“Improving the Capabilities of Cognitive Radar & Electronic Warfare Systems”
presented by Tim Fountain, Global Market Segment Manager
Thanks to sponsors Association of Old Crows, specifically the AOC Granite State Chapter.
“Journal of Electromagnetic Dominance” is their house organ.
There are a number of resources for this webinar. Slides and the white paper are on our Slack account at phase4ground.slack.com. Please contact a board member of ORI for access to the Slack.
Tim Fountain is introduced.
A cognitive RF system is designed to perceive the RF environment. System converts the RF spectrum and associated energy into a stream of RF IQ data. So far, so good. But we add AI/ML to make autonomous decisions about what we are seeing in the RF spectrum.
A course of action is determined without human intervention.
For electronic warfare (EW) we want to
- deny the use of the RF spectrum by an adversary.
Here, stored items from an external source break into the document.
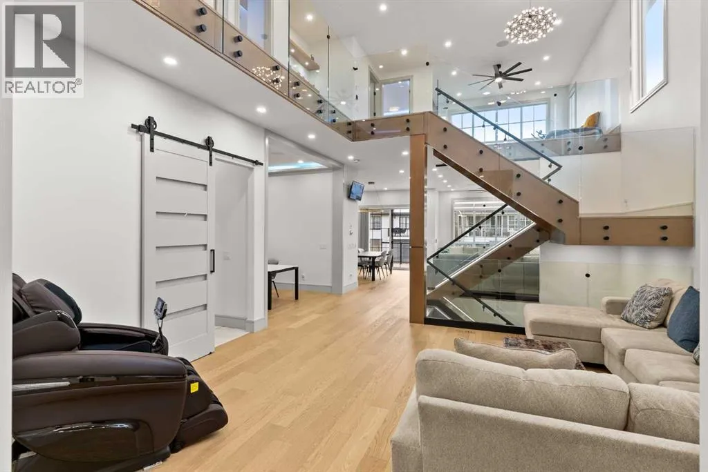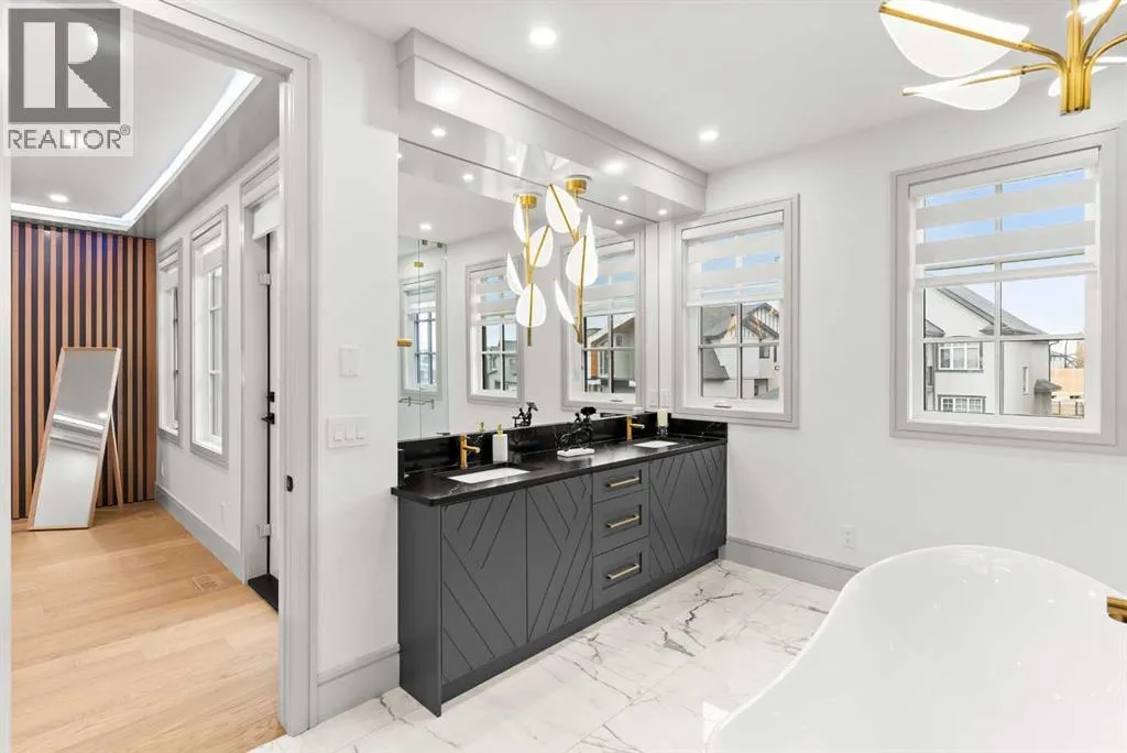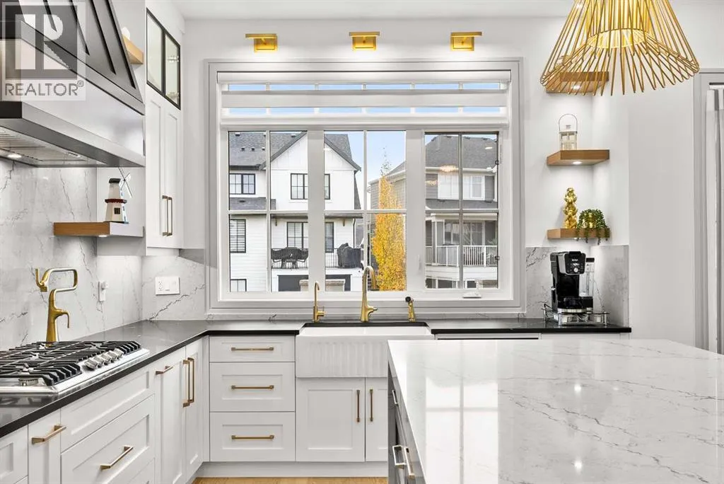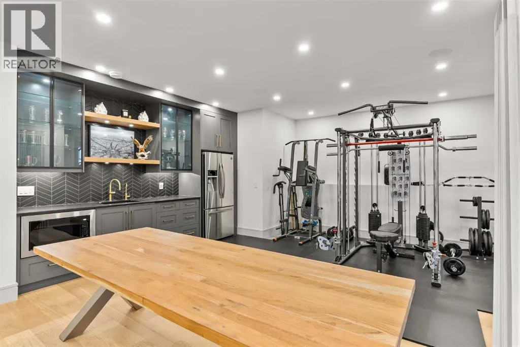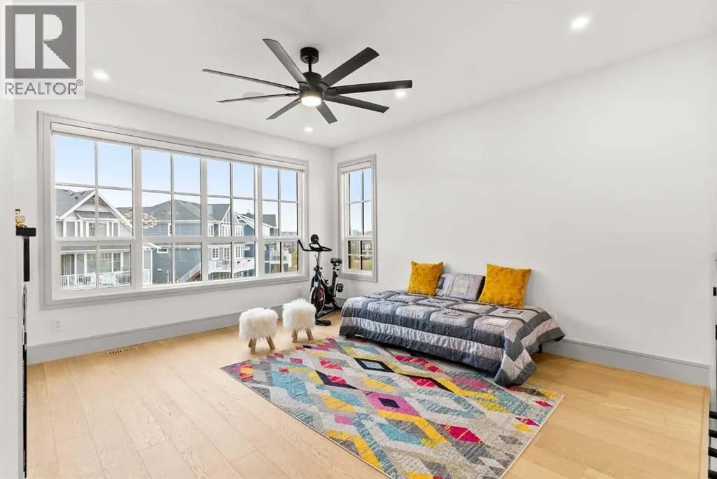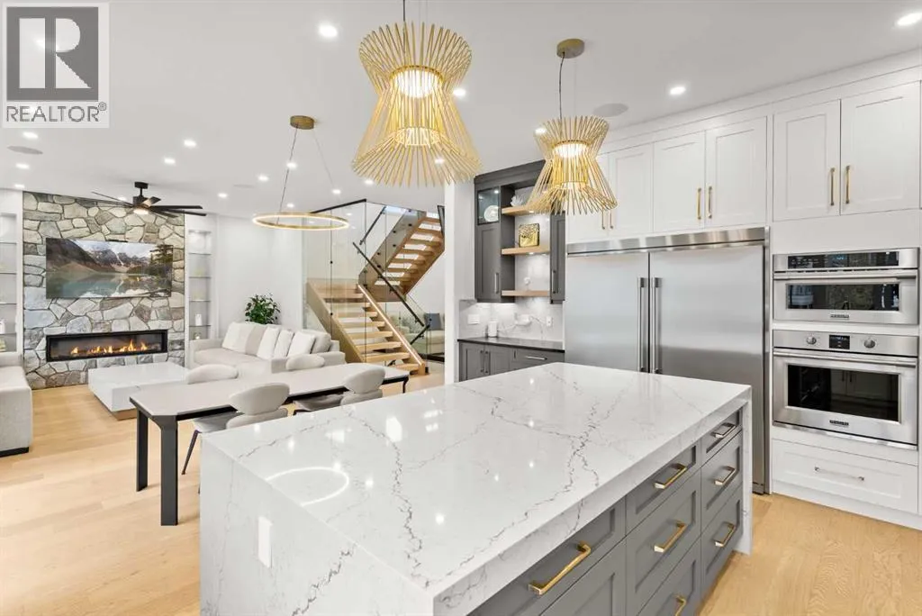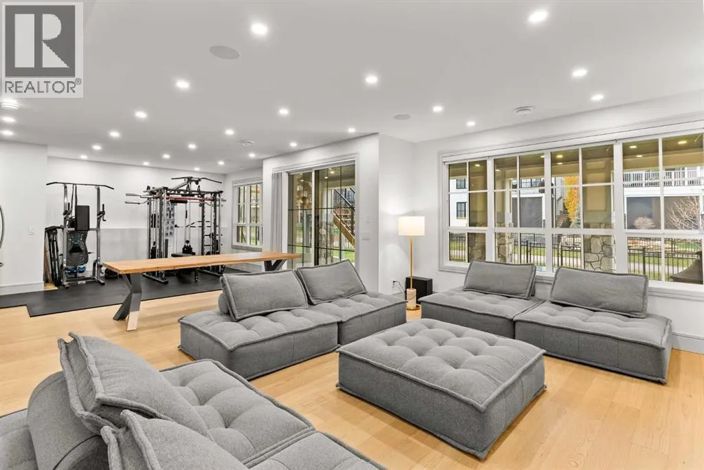 Welcome to 1473 Coopers Landing SW, an extraordinary residence backing onto a serene pond and pathway. This architectural gem boasts a total of impressive 5,528 square feet of thoughtfully designed living space, exemplifying the height of luxury. As you enter, youâre greeted by grand 10' ceilings on the main floor, featuring a sleek, modern flat paint finish. The main level flows seamlessly, including a Living Room, Formal Dining Room, Den/Office, Family Room, Nook, Main Kitchen, Spice Kitchen or Butlerâs Kitchen, and a Full Bath with a custom shower. A large low maintenance deck with plexiglass railings and stairs leading down to the backyard off the kitchen nook overlooks the numerous pathways and greenery that is a beautiful feature in Coopers Crossing. Daily life is made effortless with a convenient Mud Room and direct access to the garage. Ascending to the second floor on a one of a kind set of stairs, youâll find 9' ceilings and a versatile bonus room, ideal for a media space or home office. Four spacious bedrooms await, each with its own bathroom and walk-in closet. The luxurious custom ceiling perimeter with RGB LED lighting adds a touch of elegance. Donât overlook the intriguing Unfinished Hidden Room, a perfect canvas for your creative vision.The basement is an entertainer's dream, featuring a Rec Room, Nook, Gym, Wet Bar, and two additional bedrooms with their own full baths. A second laundry area adds to the convenience, ensuring that every need is met.Craftsmanship is unparalleled throughout, highlighted by upgraded plumbing fixtures from MOEN ALIGN in a beautiful brushed gold finish. A robust boiler system provides continuous hot water, complemented by in-floor heating in the basement(2 zones) and a hot water circulation pump for instant access at every faucet.The oversized triple tandem garage is thoughtfully roughed in for a gas heater and car charger, with hot and cold water facilities for added convenience. Outdoor elegance shines through with custom timber sourced from Revelstoke, BC, featuring a stunning timber-framed front porch and PARGOLA above the garage. The beautifully landscaped grounds include an exposed aggregate driveway, porch patio, and entry stairs.Technology is seamlessly integrated, featuring a wired security system, cameras, LCD screens, Eufy Smart Lock, dual-camera doorbell, and a speaker system throughout the home, ensuring security and entertainment are paramount.Experience warmth and sophistication with the 120â Electric Fireplace in the basement, the contemporary 60â Linear Gas Fireplace on the main floor, and the serene 72â Electric Fireplace in the bonus room. Every detail of this home reflects a commitment to comfort and luxury.Donât miss the chance to experience the epitome of luxury living in Coopers Crossing in Airdrie. Too many upgrades to list!!!. Schedule your private viewing todayâthis isnât just a house; itâs an extraordinary lifestyle. (id:27476)
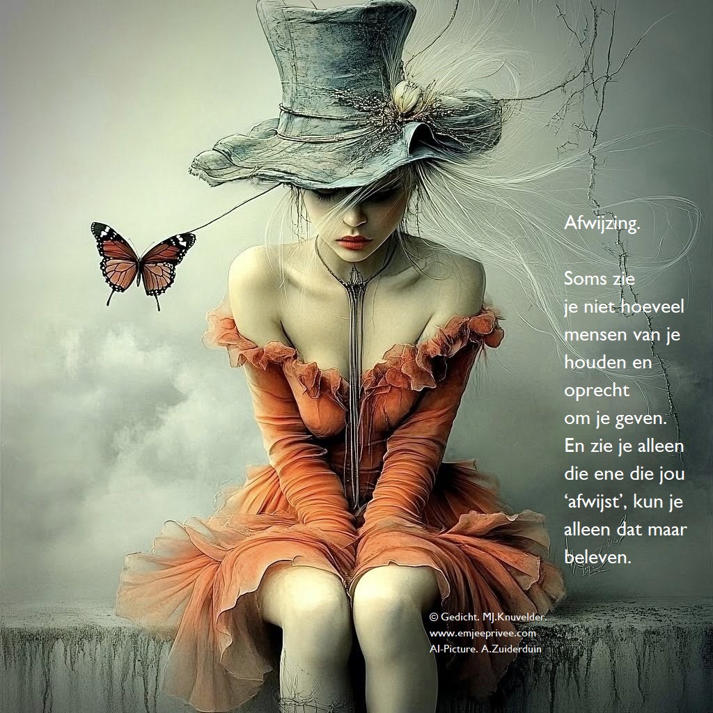 Gedicht. Afwijzing Geplaatst op 2 april 202630 augustus 2025 door mjknuvelder Delen: Share op Facebook (Opent in een nieuw venster) Facebook Delen op Pinterest (Opent in een nieuw venster) Pinterest
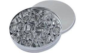 Stainless steel alphabet cutters for creating letter-shaped decorations in cookie dough, fondant, gum paste, and chocolate. Complete A-Z letter set for personalising baked goods and cake decorations. Supplied in metal storage tin measuring 12 x 12 x 2cm. Hand wash only.
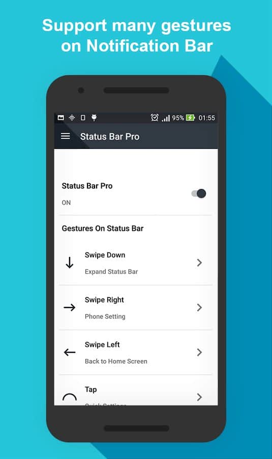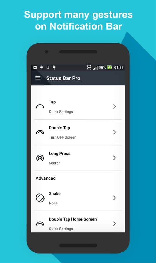 Durum çubuğu, Android akıllı telefonların harika bir icadıdır, çünkü bize birçok yararlı bilgi gösterir. Ancak bu uygulamanın geliştiricileri, onu daha da kullanışlı hale getirmenin bir yolunu buldular. Durum çubuğunda kullanabileceğiniz hareket seti, sizi favori uygulamalara ve ayarlara yönlendirecektir. Sağ, sol kaydırma, dokunma, çift dokunma, uzun basma ve sallama gibi işlemler bulunmaktadır. Onlarla ne kadar çok farklı komut ayarlayabileceğinizi hayal edebiliyor musunuz? Uygulamaların bir kısmını başlatma, hızlı ayarlara geçiş yapma, ekran görüntüsü alma, ekranı kapatma vb. işlemler mümkündür.
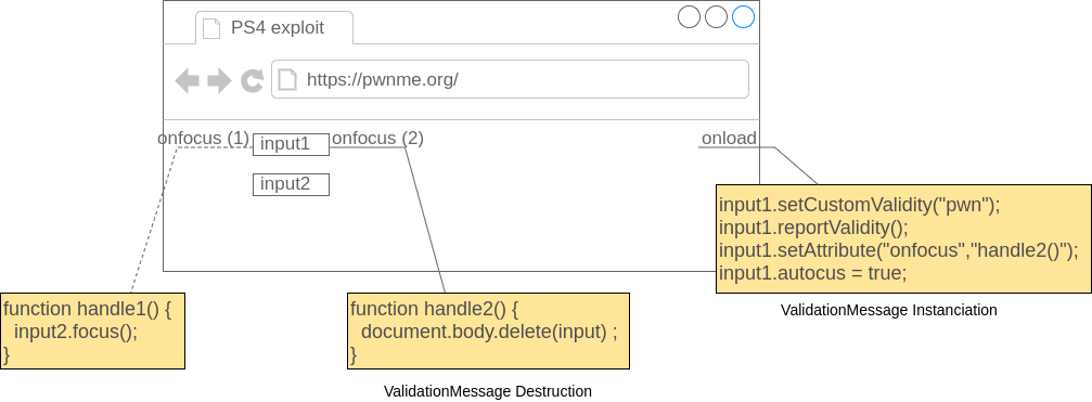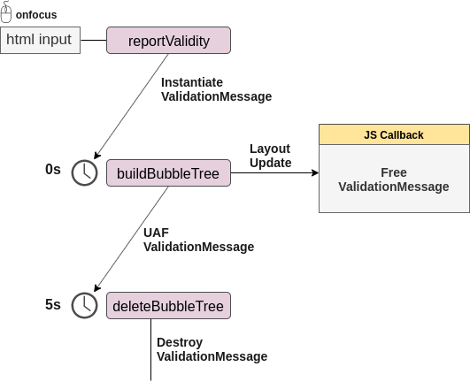 下图总结了易受攻击的路径。我们可以通过调用一些HTML输入字段上的reportValidity实例化ValidationMessage对象。我们在那个输入字段上注册一个JS处理程序。例如,我们可以定义一个JS处理程序,只要在输入字段上设置了焦点,它就会执行。
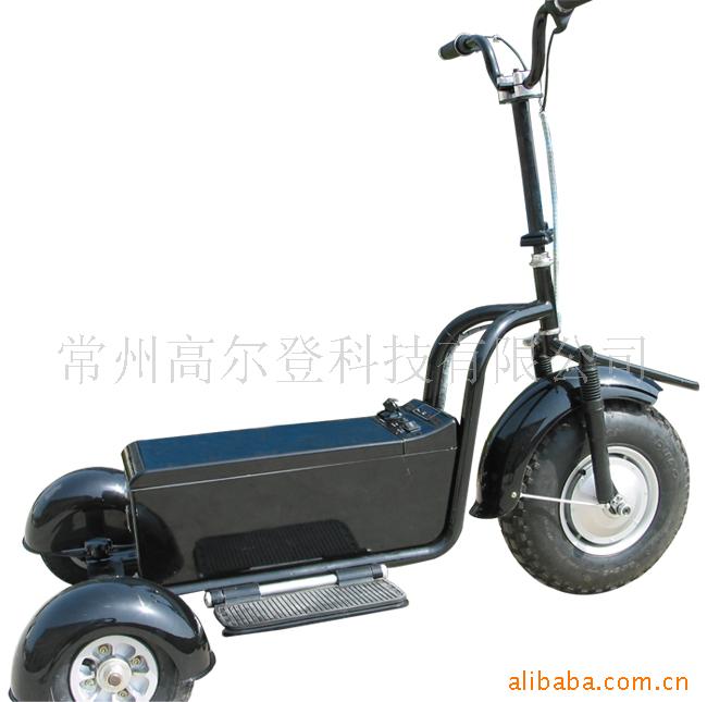 The new machine is a three-wheel buggy which you stand on like a scooter, with your golf bag strapped on ahead of you for easy access and a basket to take your accessories including drinks, waterproofs and scorecard. The three wheel all-terrain, stand on golf trolley is perfect for all golf users, young and old, and carries golf bags and players across all playing surfaces with comfort and ease. It''''s powered by a 750w brushless gearless electric hub motor and with its twist-grip or thumb throttle on the handlebars. Its unique folding design, combined with a detachable rear axle and battery packs, allows it to be neatly folded into the boot of a family hatchback. It has a range of 15-20 miles and can carry a total of 60kg plus its rider. It''''s simplicity itself to use; clip your golf bag onto the buggy, insert the ignition key, stand on the footplates, and you are ready to go. With a low centre of gravity design and wide track, the machine offers a stable and comfortable ride over even the most undulating of golf courses.
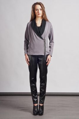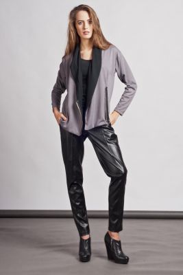 Szary Kardigan z Dużym Kołnierzem i Suwakiem

We also want to
- protect the platform we have against jamming and other things. We want to
- deliver supporting information to another system - we aren’t standalone in many situations. This third aspect is less relevant to ORI, except for our work in larger standards like OpenRAN.
Emerging threats are enumerated.
We think of htis as static library of known quantifiable and repeatable characteristics. We develop something like a PDW or pulse descriptor words. And we have countermeasures to these. It’s like a lookup table of asshattery.
The slides have a static library RADAR/EW system graph, with search and tracking. That’s the place that we are starting from in terms of jamming, denying, harassing transmissions.
However, there are problems with this approach. We have mode agile attacks. These can come from anywhere. Non-conforming, non-traditional, and totally not in our library! What to do?
We can’t counter these threats (is this a true axiom?) and the platform is at risk.
The static library is considered ineffective. What new concepts work? AI/ML? Why not, let’s try it.
Classify and counter, on the fly. This is a game of cat and mouse since attackers, just like in infosec, are also using AI/ML.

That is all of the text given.